Aging affects all cell types in the CNS and plays an important role in CNS diseases. However, the underlying molecular mechanisms driving these age-associated changes and their contribution to diseases are only poorly understood. The white matter in the aging brain as well as in diseases, such as Multiple sclerosis is characterized by subtle abnormalities in myelin sheaths and paranodes, suggesting that oligodendrocytes, the myelin-maintaining cells of the CNS, lose the capacity to preserve a proper myelin structure and potentially function in age and certain diseases. Here, we made use of directly converted oligodendrocytes (dchiOL) from young, adult and old human donors to study age-associated changes. dchiOL from all three age groups differentiated in an comparable manner into O4 + immature oligodendrocytes, but the proportion of MBP + mature dchiOL decreased with increasing donor age. This was associated with an increased ROS production and upregulation of cellular senescence markers such as CDKN1A, CDKN2A in old dchiOL. Comparison of the transcriptomic profiles of dchiOL from adult and old donors revealed 1324 differentially regulated genes with limited overlap with transcriptomic profiles of the donors’ fibroblasts or published data sets from directly converted human neurons or primary rodent oligodendroglial lineage cells. Methylome analyses of dchiOL and human white matter tissue samples demonstrate that chronological and epigenetic age correlate in CNS white matter as well as in dchiOL and resulted in the identification of an age-specific epigenetic signature. Furthermore, we observed an accelerated epigenetic aging of the myelinated, normal appearing white matter of multiple sclerosis (MS) patients compared to healthy individuals. Impaired differentiation and upregulation of cellular senescence markers could be induced in young dchiOL in vitro using supernatants from pro-inflammatory microglia. In summary, our data suggest that physiological aging as well as inflammation-induced cellular senescence contribute to oligodendroglial pathology in inflammatory demyelinating diseases such as MS.

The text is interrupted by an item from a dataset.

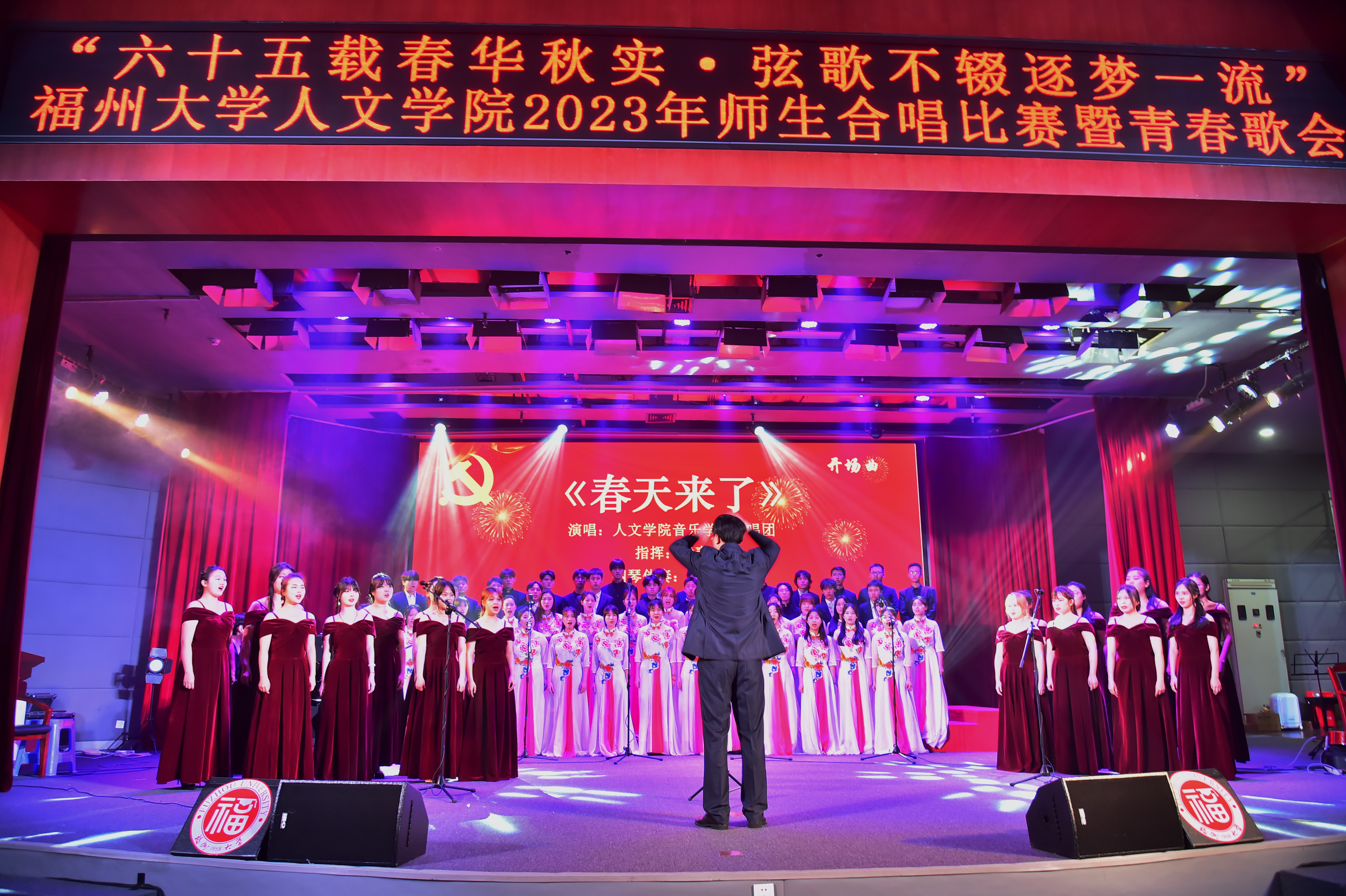 建校65周年,充分展现人文师生对祖国的崇敬与热爱,人文学院在旗山校区图书馆博学厅举办“六十五载春华秋实,弦歌不辍逐梦一流”2023年师生合唱比赛暨青春歌会。校学生工作部(处)部(处)长魏金明教授,人文学院党委王群书记、院长吴慧娟教授、党委副书记陈永福教授及各系、各办公室老师们、全体专兼职辅导员等出席本次歌会,学院500多名师生参加了本次活动。除了从各班推选出的大众评委外,本次比赛邀请了来自音乐家协会、合唱协会、福建高校等组织单位的音乐专业教师担任评委。
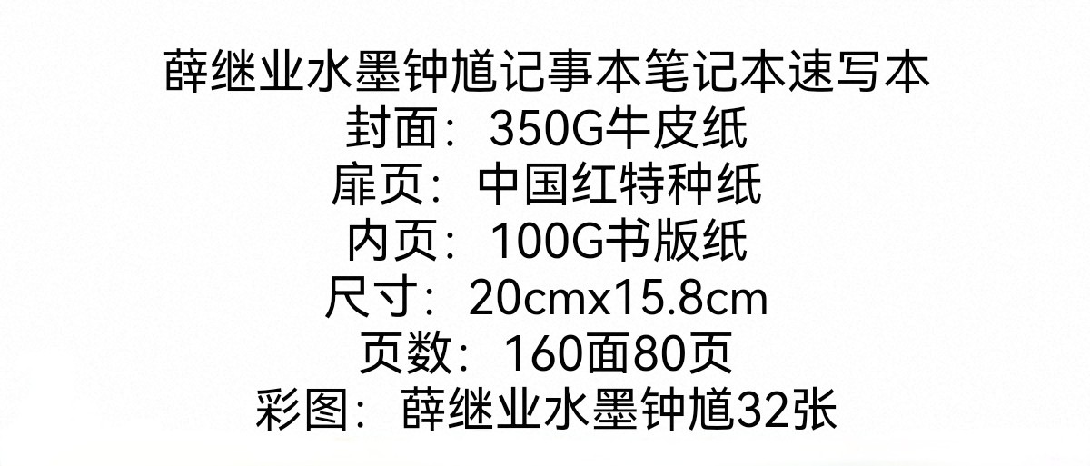 不仁斋薛继业水墨钟馗加厚牛皮纸简约30彩图钟馗笔记本速写本

衰老影响中枢神经系统中的所有细胞类型，并在中枢神经系统疾病中发挥重要作用。然而，人们对驱动这些与年龄相关的变化的潜在分子机制及其对疾病的贡献知之甚少。衰老大脑以及多发性硬化症等疾病中的白质的特点是髓鞘和旁节的细微异常，这表明少突胶质细胞（中枢神经系统的髓磷脂维持细胞）失去了保存适当髓磷脂结构的能力并可能在年龄和某些疾病中发挥作用。在这里，我们利用来自年轻、成人和老年人类捐赠者的直接转化的少突胶质细胞 (dchiOL) 来研究与年龄相关的变化。来自所有三个年龄组的 dchiOL 以类似的方式分化为 O4 + 未成熟少突胶质细胞，但 MBP + 成熟 dchiOL 的比例随着供体年龄的增加而下降。这与旧 dchiOL 中 ROS 产生的增加和细胞衰老标记物（例如CDKN1A、CDKN2A）的上调有关。比较成年和老年供体的 dchiOL 转录组图谱揭示了 1324 个差异调节基因，与供体成纤维细胞的转录组图谱或直接转化的人类神经元或原代啮齿动物少突胶质细胞谱系细胞的已发表数据集有有限的重叠。对 dchiOL 和人类白质组织样本的甲基化分析表明，中枢神经系统白质和 dchiOL 中的实际年龄和表观遗传年龄相关，并导致了年龄特异性表观遗传特征的鉴定。此外，我们观察到，与健康个体相比，多发性硬化症 (MS) 患者的有髓鞘、外观正常的白质的表观遗传老化加速。 使用促炎性小胶质细胞的上清液可以在体外诱导年轻 dchiOL 的分化受损和细胞衰老标记物的上调。总之，我们的数据表明，生理衰老以及炎症诱导的细胞衰老有助于多发性硬化症等炎症性脱髓鞘疾病中的少突胶质细胞病理学。